Tiberius's younger brother Gaius Sempronius Gracchus attempted to continue political reforms using similar tactics almost ten years later. He seems to have been more of a demagogue who attempted to pass a slew of popular laws to gain popular support rather than to be a political reformer with a specific agenda like his brother. He was neither as successful, nor as popular, as his elder brother, but he managed to create many political enemies. Escalating political tensions finally exploded once again in violence on the Capitoline Hill, where Gaius Gracchus and 3,000 of his followers were killed.
Whatever their intentions, the political careers of the Gracchi brothers had broken the political traditions of Rome, and introduced mob violence as a tool of Roman political life. It was a change from which the Republic would never recover.
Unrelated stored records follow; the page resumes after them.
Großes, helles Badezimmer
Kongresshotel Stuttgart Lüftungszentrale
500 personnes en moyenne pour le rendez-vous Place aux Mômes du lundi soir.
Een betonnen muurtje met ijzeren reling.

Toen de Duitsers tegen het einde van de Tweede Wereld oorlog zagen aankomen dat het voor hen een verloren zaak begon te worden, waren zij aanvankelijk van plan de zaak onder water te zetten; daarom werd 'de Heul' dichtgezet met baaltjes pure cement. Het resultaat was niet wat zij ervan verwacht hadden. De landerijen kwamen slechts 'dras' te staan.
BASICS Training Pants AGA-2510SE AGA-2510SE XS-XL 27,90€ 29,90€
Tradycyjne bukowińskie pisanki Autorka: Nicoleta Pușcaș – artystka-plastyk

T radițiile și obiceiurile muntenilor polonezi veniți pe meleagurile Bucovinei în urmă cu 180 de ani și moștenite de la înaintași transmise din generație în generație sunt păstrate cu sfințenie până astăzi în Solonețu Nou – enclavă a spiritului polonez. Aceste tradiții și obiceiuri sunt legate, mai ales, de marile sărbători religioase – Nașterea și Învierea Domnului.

The End of the RepublicEdit
With Marius' retirement, the way was cleared for the political career of Lucius Cornelius Sulla. Sulla was a patrician, and a traditional political conservative, who had served under Marius as a competent officer in Numidia and Germany. However, there was political enmity between the two, as Marius had "slighted" Sulla by failing to credit him with the capture of Jugurtha.
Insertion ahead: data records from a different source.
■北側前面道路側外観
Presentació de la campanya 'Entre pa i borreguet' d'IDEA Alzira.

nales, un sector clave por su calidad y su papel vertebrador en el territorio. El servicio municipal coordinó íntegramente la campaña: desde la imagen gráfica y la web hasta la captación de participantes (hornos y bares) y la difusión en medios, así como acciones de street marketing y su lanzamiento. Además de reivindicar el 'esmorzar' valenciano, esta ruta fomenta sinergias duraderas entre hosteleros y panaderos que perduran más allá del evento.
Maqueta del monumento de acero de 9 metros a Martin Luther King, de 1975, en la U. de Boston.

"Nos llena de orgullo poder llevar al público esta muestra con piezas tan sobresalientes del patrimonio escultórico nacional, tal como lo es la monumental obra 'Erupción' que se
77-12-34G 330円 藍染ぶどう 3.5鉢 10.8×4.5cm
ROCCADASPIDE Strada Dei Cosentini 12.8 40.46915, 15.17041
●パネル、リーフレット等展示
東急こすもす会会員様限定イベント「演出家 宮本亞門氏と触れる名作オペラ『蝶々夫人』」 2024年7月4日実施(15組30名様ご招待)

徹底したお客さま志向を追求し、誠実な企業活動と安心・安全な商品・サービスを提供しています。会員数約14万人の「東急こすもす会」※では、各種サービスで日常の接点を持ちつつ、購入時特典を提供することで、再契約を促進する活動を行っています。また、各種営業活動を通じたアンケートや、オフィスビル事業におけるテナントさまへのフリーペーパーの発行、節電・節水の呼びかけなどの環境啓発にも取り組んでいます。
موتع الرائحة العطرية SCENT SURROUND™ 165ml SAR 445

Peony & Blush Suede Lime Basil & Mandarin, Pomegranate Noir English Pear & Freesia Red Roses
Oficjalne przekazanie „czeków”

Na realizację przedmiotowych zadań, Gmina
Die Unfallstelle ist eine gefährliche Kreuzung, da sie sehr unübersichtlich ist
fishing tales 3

In 91 BC, a tribune and political champion of the rights of the Latin allies, Marcus Livius Drusus, attempted to pass a law granting full Roman citizenship to all the Italian allies living south of the Po River. When Drusus was murdered, many of the Italian allies, especially those among the Samnites, exploded into the rebellion of the Social war (Socius is Latin for ally).
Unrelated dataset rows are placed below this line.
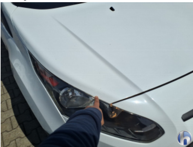
1. Motorhaube Steinschlag - Lackieren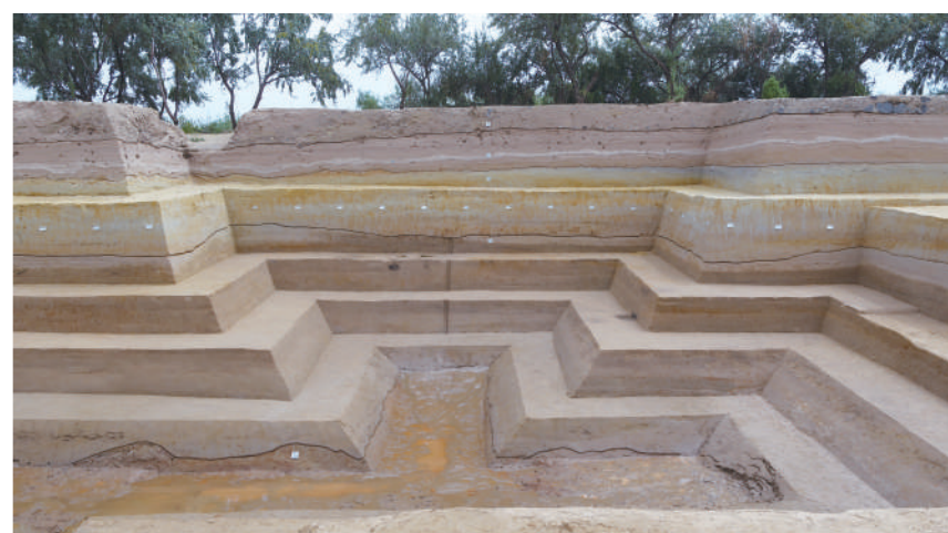
青铜峡鸽子山遗址发掘完成剖面。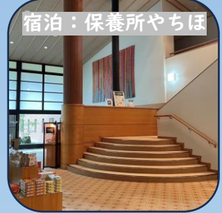
宿泊：保養所やちほ

四季折々の美しい雄大な景色が 満喫できる府中市の保養所 目の前の八千穂レイクも散策可能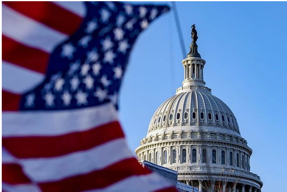
Соединенные Штаты Америки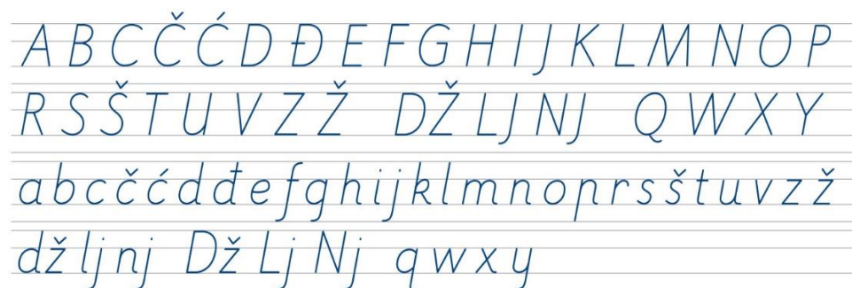
Slika 2. Školsko formalno koso pismo

Slično je i s inačicama rukopisnoga kosog pisma, također postoje dvije – velika rukopisna slova i mala rukopisna slova. Definirana su kao slova namijenjena stvaranju osobnoga rukopisa te ga je važno prilagoditi dječjoj anatomiji, objašnjava Reberski (2014).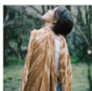
Tierra Fértil. Verano 2020. Chompa tejida a pelo de lana Merino.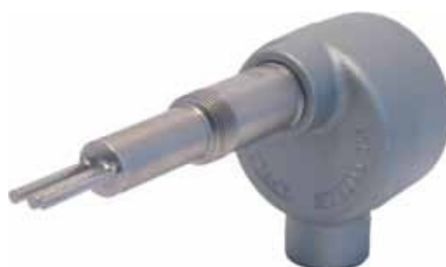
Lunghezza di inserzione a piacere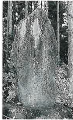
18 供養塔 乗廻 慶 応2年3月(160× 62×50)

Ironically, to try to end the war, Rome offered full citizenship to any of the rebelling allies who would cease the conflict. Most of the allies ceased fighting, but several continued the rebellion. In response, Gaius Marius came out of retirement, and commanded the Roman forces in northern Italy, while Lucius Cornelius Sulla commanded the Roman legions in southern Italy, bringing the war to an end in 88 BC. Following their joint victory, Sulla stood for election as Consul, and was elected.
- Marcus Tullius Cicero was a politician, philosopher, and orator. He spent his life defending the Republic with a liberal personality. Sided with Pompey and was murdered in 43 BC.
- Gnaeus Pompeius was a general, dictator, and politician. He sided with the Senate when Caesar took power.
- Marcus Porcius Cato was known as the Stoic. He was a conservative politician who sided with Pompey in the last civil war.
- Caesar was a politician who took power using the force of his Gallic legions. Murdered.